The Kremlin admitted there had been minor violations to the poll and have brought charges in a number of cases.

In the video, Kolpakova said officials in Samara had been instructed to deliver a landslide majority for United Russia at the December 4 polls, and detailed means of electoral fraud.

She said on Thursday electoral heads remain under “colossal pressure” by the authorities ahead of next month’s presidential polls at which Vladimir Putin is expected to secure a third stint in the Kremlin.

She also suggested that Putin may not be personally behind the falsifications and urged him to order his inferiors to stop the “damaging work” dragging his ratings down.

Opinion polls indicate Putin remains Russia’s most popular politician, but analysts have said rising discontent could see him forced into a potentially damaging runoff.

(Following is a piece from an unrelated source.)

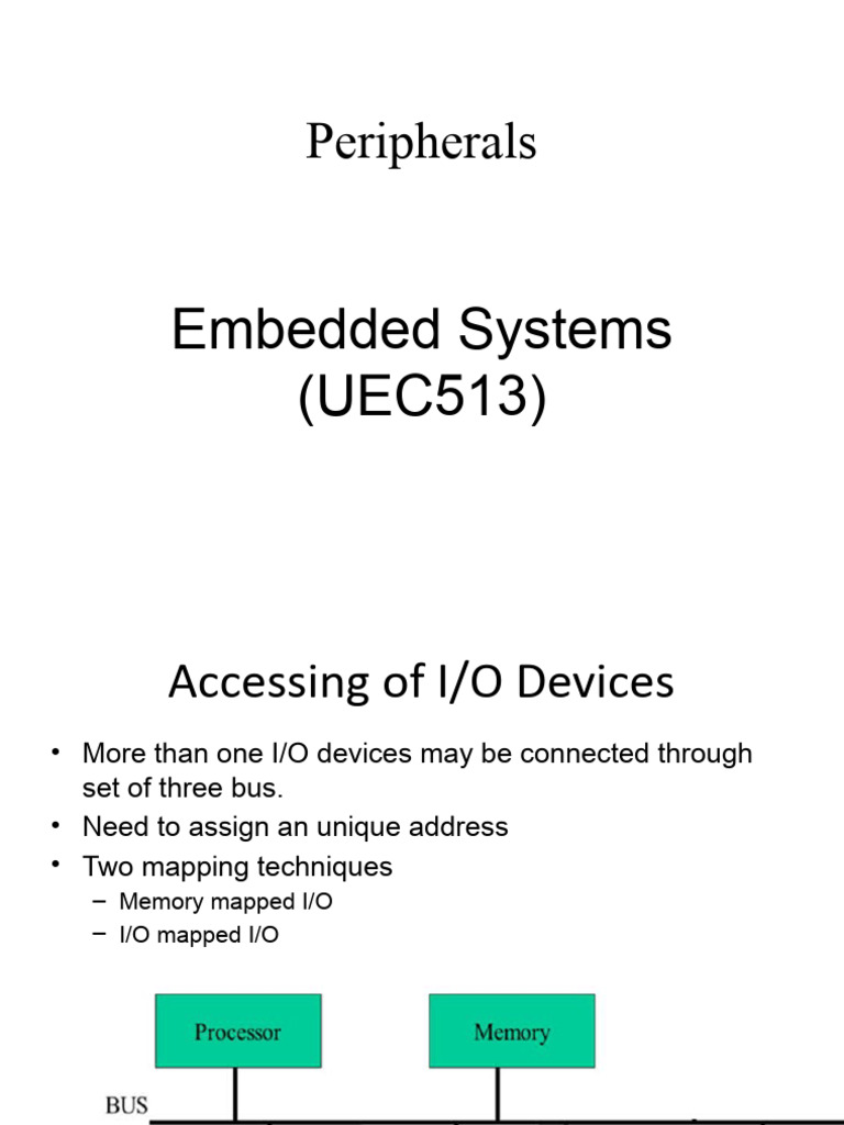 memory and I/O devices. I/O devices are assigned addresses within the regular

Tatiana Ivanova, a school teacher who was the head of a polling station in central St. Petersburg at December’s polls, said she was being tried for libel after she accused the district’s education chief, Natalia Nazarova, of presiding over widespread electoral fraud.

She added, however, that she had no fear and was determined to continue the fight for fair elections in Russia.

“You only need to say ‘No’ to them once and it will become much easier for you,” she told the downtown Moscow news conference.

Ivanova, who resigned from the school after the elections, said some of her friends and former co-workers “moved away” from her after she refused to fix the elections.

“I can’t say they are against me, they have sort of dissociated themselves from me. They said to me, ‘Sorry, but I need this job’,” she said.

The vote-rigging protests in Moscow and dozens of other cities led to a pledge by outgoing President Medvedev to reform electoral law and investigate the alleged fraud.

But Ivanova said on Thursday that “nothing has changed.”

“It’s that genetic fear. People are afraid of having their say. They are not certain they can achieve what they want,” she said.

Both Ivanova and Kolpakova said the use of web-cameras at polling stations, proposed by Putin during his annual televised phone-in show in December, would not prevent fraud at the March 4 elections.

“You just have to do your job honestly, that’s all,” Kolpakova said. “It’s laughably simple.”